_YOUR INSTRUCTIONS_.
For the entries that follow, retype exactly the lines from the one containing "經(jīng)典案例:根據(jù)飛瓜數" to the one containing "Theo phương trình", inclusive, and only those. Images stay out of the copy.

_DATA FOR THIS EXERCISE_.
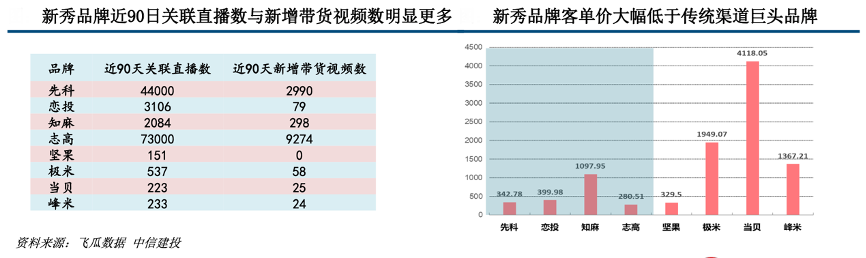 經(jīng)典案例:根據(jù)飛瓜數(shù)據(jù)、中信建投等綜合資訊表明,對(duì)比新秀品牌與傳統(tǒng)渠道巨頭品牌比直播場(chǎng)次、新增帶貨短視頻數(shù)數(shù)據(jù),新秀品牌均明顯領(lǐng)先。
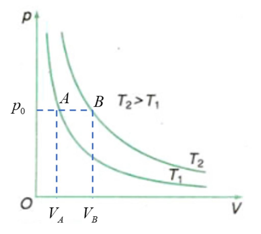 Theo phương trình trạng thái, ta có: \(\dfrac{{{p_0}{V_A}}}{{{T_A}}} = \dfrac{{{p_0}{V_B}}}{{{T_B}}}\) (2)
--
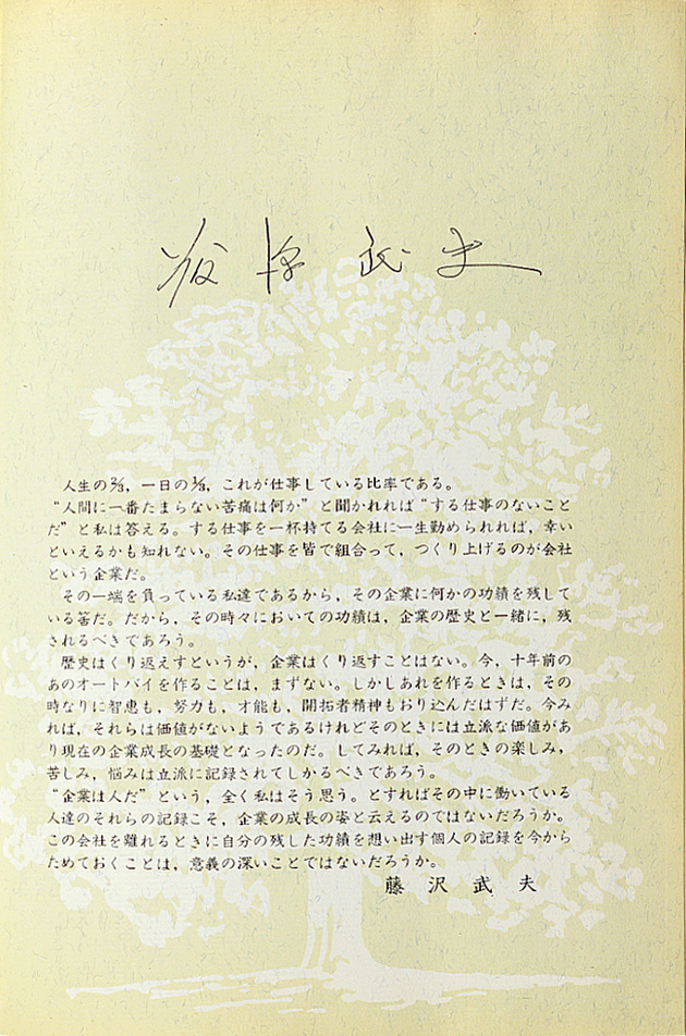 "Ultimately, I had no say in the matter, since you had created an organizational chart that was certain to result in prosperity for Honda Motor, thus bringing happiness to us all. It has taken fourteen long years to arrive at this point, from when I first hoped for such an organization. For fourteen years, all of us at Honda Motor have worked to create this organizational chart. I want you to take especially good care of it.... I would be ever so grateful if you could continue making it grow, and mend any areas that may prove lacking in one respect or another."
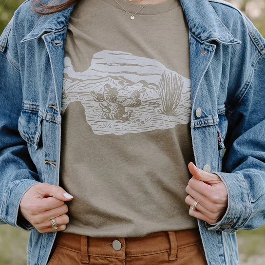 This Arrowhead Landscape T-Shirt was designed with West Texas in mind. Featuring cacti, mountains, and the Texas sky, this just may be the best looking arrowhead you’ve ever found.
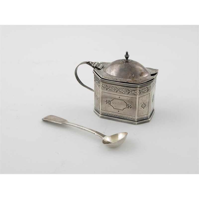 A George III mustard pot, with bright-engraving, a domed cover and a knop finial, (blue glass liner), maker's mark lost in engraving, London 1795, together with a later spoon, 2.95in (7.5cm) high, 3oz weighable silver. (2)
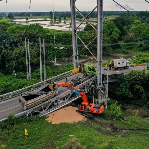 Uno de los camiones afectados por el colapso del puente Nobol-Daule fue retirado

_ANSWER TO THIS EXERCISE_.
 經(jīng)典案例:根據(jù)飛瓜數(shù)據(jù)、中信建投等綜合資訊表明,對(duì)比新秀品牌與傳統(tǒng)渠道巨頭品牌比直播場(chǎng)次、新增帶貨短視頻數(shù)數(shù)據(jù),新秀品牌均明顯領(lǐng)先。
 Theo phương trình trạng thái, ta có: \(\dfrac{{{p_0}{V_A}}}{{{T_A}}} = \dfrac{{{p_0}{V_B}}}{{{T_B}}}\) (2)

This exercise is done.